Akhirnya, saya kebagian tempat duduk paling depan. Hadir sebagai narasumber utama yakni Kepala Dinas Kesehatan Pemprov DKI Jakarta Dien Emawati dan Direktur Jenderal Bina Upaya Kesehatan Kementerian Kesehatan Prof. Dr. Akmal Taher, yang dulu menjabat sebagai Direktur Utama RSUPN Cipto Mangunkusumo.

Jumpa pers baru benar-benar dimulai pukul 11.46 WIB. Kesempatan pertama diberikan kepada Dien yang menjelaskan kronologis kasus hingga klarifikasi pernyataan. Berikut petikan keterangan yang berhasil saya rangkum :

“Kronologisnya bahwa bayi Dera lahir dalam kondisi khusus dan butuh alat yang khusus yaitu Neonatal Intensive Care Unit (NICU), dimana NICU tadi tidak dipunyai oleh RS Zahirah (rumah sakit tempat Dera dilahirkan).
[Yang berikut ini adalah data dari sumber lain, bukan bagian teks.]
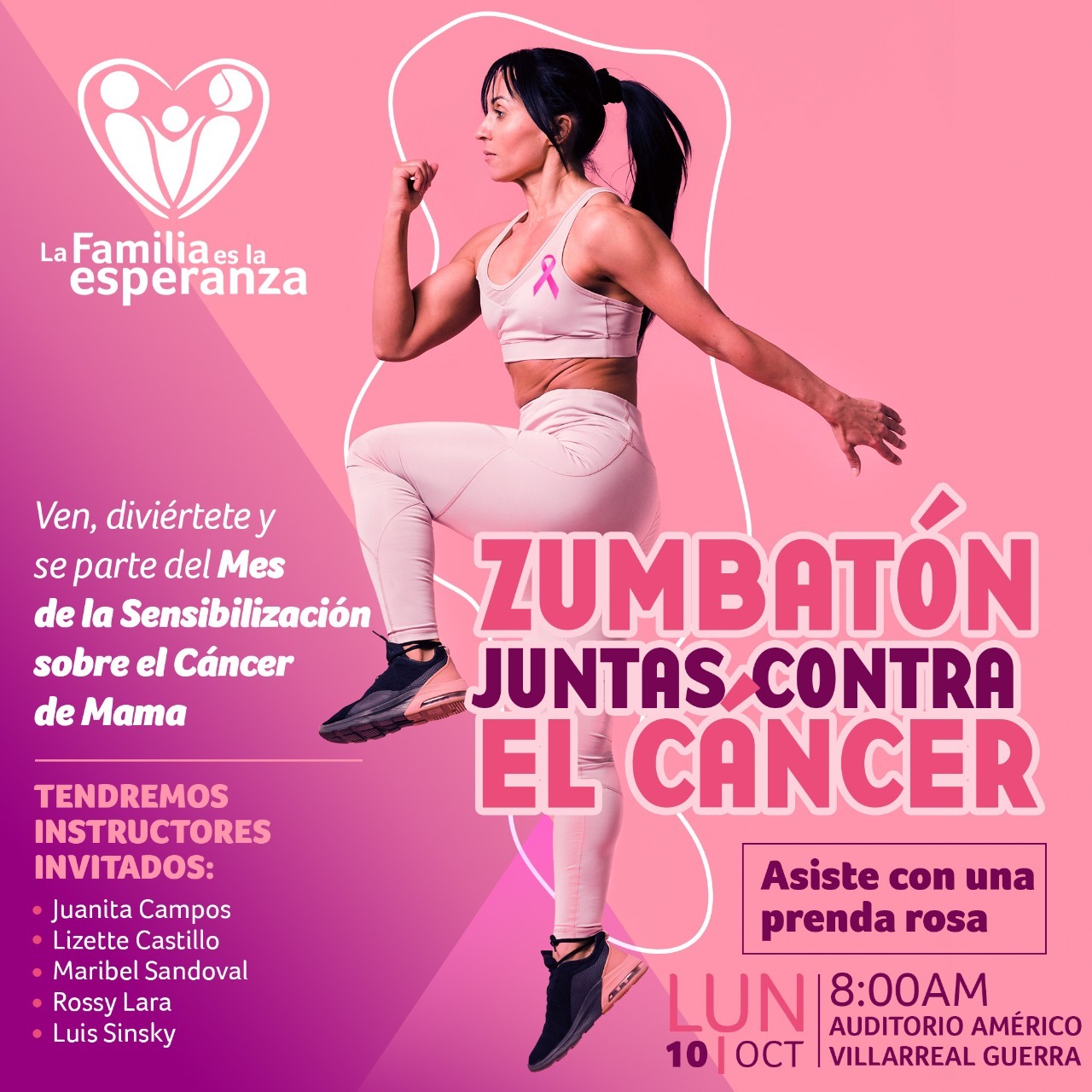 Ciudad Madero, Tamaulipas. - El Sistema DIF de Ciudad Madero que preside la Sra. Ana Cristina Organista de Oseguera, invita a la ciudadanía en general a que se unan al zumbatón “Juntas contra el Cáncer”, como parte de las actividades realizadas para reforzar la concientización durante octubre, el Mes Rosa, en el que se conmemora el Día Internacional de la Lucha contra el cáncer de mama.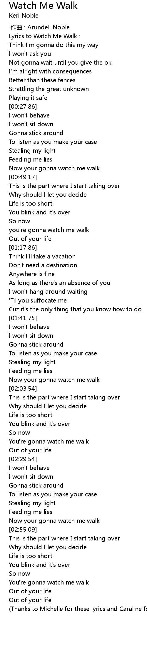 | [00:00.00] | Lyrics to Watch Me Walk : |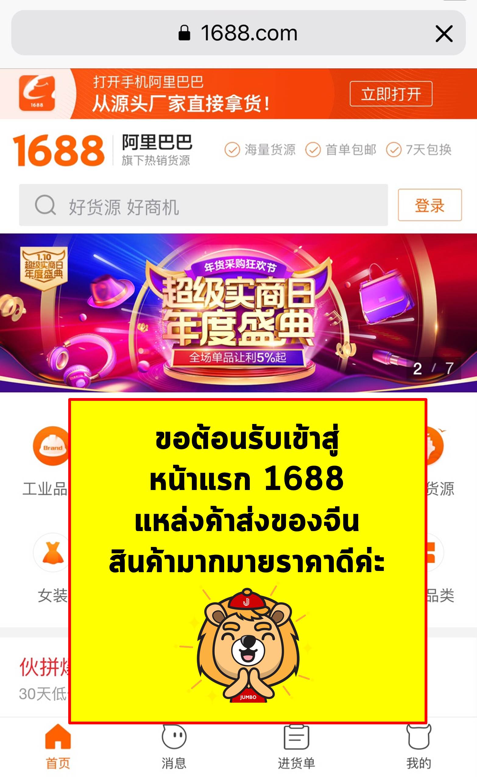 ก่อนอื่นเลยหากเข้าไปที่ www.1688.com จะเจอหน้า Home ของเขาก่อนเลย ( เราเปิดจากมือถือเพื่อความสะดวกคล่องตัวค่ะ >w< )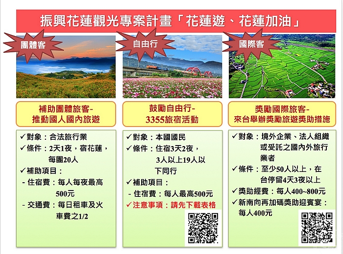 花蓮2月6日地震屆滿一個月,當時雖造成建物傾斜塌陷,但事實上花蓮的景點並未受到影響,但因民眾信心問題而造成花蓮觀光重創。交通部觀光局為協助花蓮重振觀光並鼓勵民眾前往花蓮旅遊,即日起辦理鼓勵國人自由行「3355」旅宿活動,於昨(6)日起於活動期間內,符合3人以上、19人以下同行,在觀光局網站公告之花蓮地區旅宿業達3天2夜以上者,每人最高可享新臺幣500元之住宿補助,經費申請完畢即提前公告停止活動。而在花蓮的飯店業者也藉機各推出住宿優惠,邀請大家一起到花蓮玩樂,民眾可計畫到太魯閣等地玩樂,亦可計劃到大農大富平地森林園區,感受一下每年的三到五月限定款大自然生物所「螢」造的夢幻美景。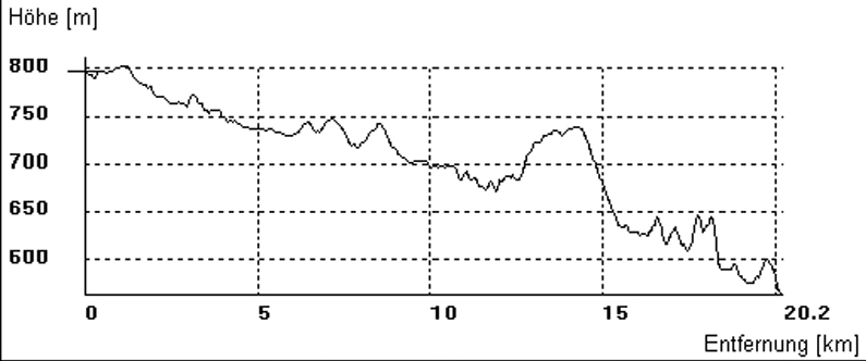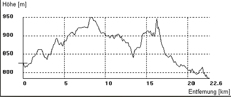 Bannholzmühle steigt der Weg auf etwa 820 m Höhe an, um danach wieder hinunter

Kemudian bayi Dera tidak pernah meninggalkan RS Zahirah, itu harus clear. Dia nggak pernah kemana-mana, atau dibawa kemana-mana keluar rumah sakit. Dari 8 rumah sakit lalu ditelepon, keluarganya juga datang cari NICU. Dari 8 RS itu, ada yang punya, ada yang tidak. Yang punya, kondisinya penuh.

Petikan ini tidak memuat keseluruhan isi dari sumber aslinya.